Gdy nastolatek ma szalone pomysły
„Nie będą jadł biednych zwierząt”, „Rzucam szkołę, będę gwiazdą” albo „Tylko w czerni wyglądam jak człowiek” – jeśli twój nastolatek szokuje cię podobnymi deklaracjami, nie jest wyjątkiem. Reagując mądrze, sprawisz, że przyniosą dziecku same korzyści.
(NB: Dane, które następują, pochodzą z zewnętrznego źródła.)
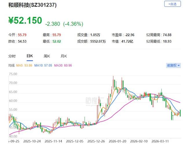 A股异动 | 和顺科技跌逾4% 2025年净亏损1.82亿元

- Aleksandra Szczepańska, Naj
Dorastający człowiek w wieku 13-16 lat widzi świat w kolorach czarno - białych. Rządzą nim skrajności. Banalna porażka bywa odbierana jako życiowa tragedia. Niektóre nastolatki przechodzą ten etap wyjątkowo burzliwie, a swoim zachowaniem dają otoczeniu do zrozumienia: żadnych kompromisów. Dlatego jako mama w tym czasie powinnaś przede wszystkim kierować się zdrowym rozsądkiem: reagować adekwatnie do sytuacji, być czujna na sygnały tylko w razie realnych zagrożeń.
CZY WARTO KRUSZYĆ KOPIĘ?
Nie daj dziecku odczuć, że każdy „oryginalny” pomysł jest dla ciebie głupi lub śmieszny. Im częściej będziesz mówić: „Nie zgadzam się!”, „Jak ty wyglądasz!”, czy „Masz to zjeść!”, tym większa będzie potrzeba buntu. Dziecko zacznie szukać akceptacji gdzie indziej. Z drugiej jednak strony nie możesz przyklaskiwać wszystkiemu, ponieważ zabraknie dziecku zasad i wyraźnych granic, których wciąż potrzebuje. Dlatego zastanów się najpierw, w jakich sprawach będziesz nieugięta, a w jakich ustąpisz. Staraj się jednak, by to na czym bardzo zależy dziecku, nie było powodem niekończących się wojen. Nie mów: „Dam ci na nowe spodnie pod warunkiem, że kupisz niebieskie” skoro najlepiej czuje się w czerni. Spodnie i tak trafią do szafy. Przeczekaj trudny czas, przypominając tylko dziecku, że wygląd ma być stosowny do okoliczności. Warto więc udzielić mu wskazówek: „Zanim kupisz, pomyśl, czy spodnie będą do szkoły, czy na większe uroczystości”.
CO MOŻESZ ZROBIĆ?
Gdy twój buntownik od tygodnia jada wyłącznie ryż i sałatę, nie reaguj gwałtownie. Nie wciskaj na siłę schabowego; w przypadku dietetycznych kaprysów bardzo łatwo o poważniejsze zaburzenia łaknienia, z anoreksją czy bulimią włącznie. Użyj małego podstępu, np. poproś córkę, by z akceptowanych przez siebie produktów przygotowała kolację dla rodziny. I pochwal. Zapewne szybko okaże się, że wydumana dieta przestanie fascynować, bo nie jest już czymś zarezerwowanym wyłącznie dla nastolatka. A zapał z jakim oddaje się reżimom, zacznie maleć. Kulinarne ograniczenia rzadko bowiem wynikają z przemyślanych przekonań. Zwykle są przejawem buntu przeciw nudnym „obiadkom domowym”.
WAŻNE!
Niech będzie dla ciebie pocieszeniem fakt, że „ekstremalne” zachowania mają niezwykłą siłę. Nastolatek jak nikt potrafi oddać się pasji i zgłębiać zagadnienia, które go interesują. Nie przeszkadza mu brak snu czy bałagan w pokoju. Gdy odkryjesz, że dziecku naprawdę na czymś zależy, wspieraj je.